Dr Marc-David Benjoar : La mastectomie classique enlève la peau autour de l’aréole et laisse une grande cicatrice horizontale. Dans certaines indications nous réalisons aujourd’hui des mastectomie avec conservation de l’aréole qui préserve toute l’enveloppe cutanée du sein, seule la glande mammaire est retirée. On décale les cicatrices soit sous le sein, mais cela reste encore visible, soit dans l’aisselle. Pour cette dernière nous utilisons un robot chirurgical.
Nous pratiquons cette méthode depuis quatre ans à la clinique de l’Alma. Sans technique robotique, découper le bord interne du sein en passant par l’aisselle est compliqué car les instruments ne sont pas adaptés. Le robot permet d’anguler ces instruments afin de bien séparer la peau de la glande mammaire.
TLM : Au niveau de la chirurgie plastique, quelles sont les nouveautés ?
Dr Marc-David Benjoar : La chirurgie est soit sans prothèse, soit avec prothèse. Nous favorisons le « sans prothèse ». L’utilisation des implants rugueux en forme de seins anatomiques a été interdite par l’ANSM en raison de leurs liens avec une forme de cancer rare nommée « lymphome anaplasique à grandes cellules associé à un implant mammaire » (LAGC-AIM).
Aujourd’hui, seuls les implants lisses et ronds sont employés. Une autre évolution est de placer l’implant devant le muscle pectoral et non derrière le buste (en raison des douleurs provoquées et des problèmes de déformation du sein).
TLM : Comment favoriser une récupération rapide ?
Dr Marc-David Benjoar : Les protocoles anesthésiques sont de plus en plus légers. Des blocs loco-régionaux permettent de limiter l’usage de morphiniques pendant l’opération.
TLM : Comment des médecins peuvent-ils se former à ces nouvelles technologies ?
Dr Marc-David Benjoar : La formation à la technique des lambeaux libres est réservée aux chirurgiens plasticiens qui se spécialisent en microchirurgie. Cette méthode très complexe (l’opération dure en moyenne cinq heures) nécessite des centres experts. Cela pose un problème d’accès aux soins. Le lipofilling s’est ainsi développé car cette technique est plus simple mais elle démultiplie les opérations. Les patientes subissent trois à cinq opérations.
L’avantage de la reconstruction mammaire immédiate par lambeau est de tout traiter en un même temps. Les patientes reprennent une activité professionnelle très rapidement à l’inverse des solutions différées en plusieurs étapes qui les désocialisent.
Quelles sont les perspectives ?
La prise en charge du cancer du sein évolue énormément, notamment avec les thérapies ciblées qui sont proposées aux patientes HER2+ et maintenant aux patients « triple négatifs ». De plus en plus de patientes ont des réponses extrêmement satisfaisantes lors d’une chimiothérapie ou d’une immunothérapie néo-adjuvante. Le nombre de mastectomies a légèrement diminué.
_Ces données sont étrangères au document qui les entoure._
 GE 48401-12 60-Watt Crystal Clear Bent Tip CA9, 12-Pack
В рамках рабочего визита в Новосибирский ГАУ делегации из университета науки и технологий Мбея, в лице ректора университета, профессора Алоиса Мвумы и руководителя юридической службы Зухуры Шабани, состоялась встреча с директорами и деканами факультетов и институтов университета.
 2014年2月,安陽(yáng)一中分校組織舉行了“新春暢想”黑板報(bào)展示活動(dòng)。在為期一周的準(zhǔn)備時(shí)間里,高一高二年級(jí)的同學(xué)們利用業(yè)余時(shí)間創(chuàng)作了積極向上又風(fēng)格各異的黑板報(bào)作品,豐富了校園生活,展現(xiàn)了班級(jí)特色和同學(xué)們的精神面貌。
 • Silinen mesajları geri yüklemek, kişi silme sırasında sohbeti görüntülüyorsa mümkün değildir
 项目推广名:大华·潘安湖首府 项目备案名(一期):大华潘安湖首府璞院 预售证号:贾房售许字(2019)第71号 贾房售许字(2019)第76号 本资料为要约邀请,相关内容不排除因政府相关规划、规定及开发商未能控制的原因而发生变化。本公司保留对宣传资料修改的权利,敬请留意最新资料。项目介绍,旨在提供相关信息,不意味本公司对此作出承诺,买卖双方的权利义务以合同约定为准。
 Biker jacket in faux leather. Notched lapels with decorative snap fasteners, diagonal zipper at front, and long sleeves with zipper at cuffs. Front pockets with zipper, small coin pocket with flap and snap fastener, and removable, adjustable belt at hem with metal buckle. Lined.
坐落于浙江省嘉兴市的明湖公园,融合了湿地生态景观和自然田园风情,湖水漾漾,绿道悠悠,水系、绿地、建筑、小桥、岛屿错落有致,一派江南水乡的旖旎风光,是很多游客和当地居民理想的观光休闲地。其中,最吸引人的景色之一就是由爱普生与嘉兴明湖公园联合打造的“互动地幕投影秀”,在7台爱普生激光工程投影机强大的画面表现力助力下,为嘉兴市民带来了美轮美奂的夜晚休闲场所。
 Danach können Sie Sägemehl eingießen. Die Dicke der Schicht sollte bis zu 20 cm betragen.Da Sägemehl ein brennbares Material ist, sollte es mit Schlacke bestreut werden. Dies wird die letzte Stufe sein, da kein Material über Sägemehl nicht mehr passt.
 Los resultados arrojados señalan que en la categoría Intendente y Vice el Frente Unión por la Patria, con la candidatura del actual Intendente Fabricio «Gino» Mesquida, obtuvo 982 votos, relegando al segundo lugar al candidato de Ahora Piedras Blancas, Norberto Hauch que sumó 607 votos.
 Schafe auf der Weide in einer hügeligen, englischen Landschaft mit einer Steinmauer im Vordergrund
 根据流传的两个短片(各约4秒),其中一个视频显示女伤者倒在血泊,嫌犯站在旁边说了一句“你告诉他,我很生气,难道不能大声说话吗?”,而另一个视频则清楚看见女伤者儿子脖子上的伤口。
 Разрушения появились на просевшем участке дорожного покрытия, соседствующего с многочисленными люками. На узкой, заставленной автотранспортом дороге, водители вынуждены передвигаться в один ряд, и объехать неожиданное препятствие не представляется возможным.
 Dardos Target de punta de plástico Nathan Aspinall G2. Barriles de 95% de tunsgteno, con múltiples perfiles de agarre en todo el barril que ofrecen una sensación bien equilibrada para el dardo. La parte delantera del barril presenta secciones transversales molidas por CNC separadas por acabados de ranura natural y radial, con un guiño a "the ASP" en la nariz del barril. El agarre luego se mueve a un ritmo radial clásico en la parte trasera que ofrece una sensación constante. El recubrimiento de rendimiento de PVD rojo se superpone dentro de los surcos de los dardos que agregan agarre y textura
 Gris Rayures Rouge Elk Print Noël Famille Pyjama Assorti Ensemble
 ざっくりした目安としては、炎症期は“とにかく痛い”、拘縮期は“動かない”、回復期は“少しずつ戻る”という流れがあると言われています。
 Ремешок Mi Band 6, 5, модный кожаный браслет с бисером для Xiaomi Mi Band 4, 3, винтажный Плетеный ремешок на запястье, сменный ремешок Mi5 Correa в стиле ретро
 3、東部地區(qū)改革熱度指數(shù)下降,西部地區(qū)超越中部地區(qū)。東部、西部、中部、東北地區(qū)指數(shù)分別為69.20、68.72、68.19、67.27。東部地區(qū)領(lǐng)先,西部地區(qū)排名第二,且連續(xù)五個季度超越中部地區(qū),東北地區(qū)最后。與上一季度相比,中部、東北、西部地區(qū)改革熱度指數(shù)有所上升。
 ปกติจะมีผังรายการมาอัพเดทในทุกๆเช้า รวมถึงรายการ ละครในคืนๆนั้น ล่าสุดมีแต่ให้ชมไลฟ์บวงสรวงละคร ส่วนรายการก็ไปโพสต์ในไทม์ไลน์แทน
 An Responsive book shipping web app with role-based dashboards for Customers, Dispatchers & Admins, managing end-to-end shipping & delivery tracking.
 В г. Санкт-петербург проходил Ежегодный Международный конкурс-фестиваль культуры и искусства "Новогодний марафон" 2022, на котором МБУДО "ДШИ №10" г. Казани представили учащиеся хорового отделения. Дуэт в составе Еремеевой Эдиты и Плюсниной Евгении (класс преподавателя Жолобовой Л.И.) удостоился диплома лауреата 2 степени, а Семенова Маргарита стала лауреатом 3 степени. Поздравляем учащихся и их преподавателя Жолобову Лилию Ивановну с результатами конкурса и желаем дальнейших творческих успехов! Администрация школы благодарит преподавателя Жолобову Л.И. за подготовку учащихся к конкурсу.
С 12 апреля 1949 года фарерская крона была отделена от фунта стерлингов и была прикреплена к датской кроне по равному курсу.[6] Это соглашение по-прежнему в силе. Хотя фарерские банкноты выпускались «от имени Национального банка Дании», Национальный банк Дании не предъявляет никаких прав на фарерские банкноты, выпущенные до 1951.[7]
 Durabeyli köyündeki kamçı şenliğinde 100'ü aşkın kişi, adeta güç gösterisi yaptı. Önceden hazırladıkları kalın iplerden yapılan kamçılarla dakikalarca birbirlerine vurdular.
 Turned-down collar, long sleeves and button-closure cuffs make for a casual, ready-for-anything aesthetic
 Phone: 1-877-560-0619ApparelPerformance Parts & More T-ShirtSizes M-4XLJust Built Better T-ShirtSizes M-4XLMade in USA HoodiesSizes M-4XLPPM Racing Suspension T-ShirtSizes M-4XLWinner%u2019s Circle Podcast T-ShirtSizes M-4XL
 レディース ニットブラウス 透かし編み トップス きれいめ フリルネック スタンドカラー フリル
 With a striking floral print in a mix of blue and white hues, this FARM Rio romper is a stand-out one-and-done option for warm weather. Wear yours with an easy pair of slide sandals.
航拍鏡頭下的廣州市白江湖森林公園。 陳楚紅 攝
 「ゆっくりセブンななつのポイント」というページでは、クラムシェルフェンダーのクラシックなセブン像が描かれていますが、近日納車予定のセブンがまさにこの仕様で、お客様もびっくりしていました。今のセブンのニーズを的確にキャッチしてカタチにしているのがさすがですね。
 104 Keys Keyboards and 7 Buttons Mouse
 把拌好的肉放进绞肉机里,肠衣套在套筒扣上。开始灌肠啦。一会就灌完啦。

Aujourd’hui, l’une des indications fréquentes de mastectomie est la récidive tardive d’un traitement conservateur (10 ou 15 ans plus tard).Dans ces cas, les techniques par lambeau prennent toute leur place. En effet, poser une prothèse mammaire sur un terrain irradié est une opération comportant énormément de complications et nous préférons l’éviter dans ces cas.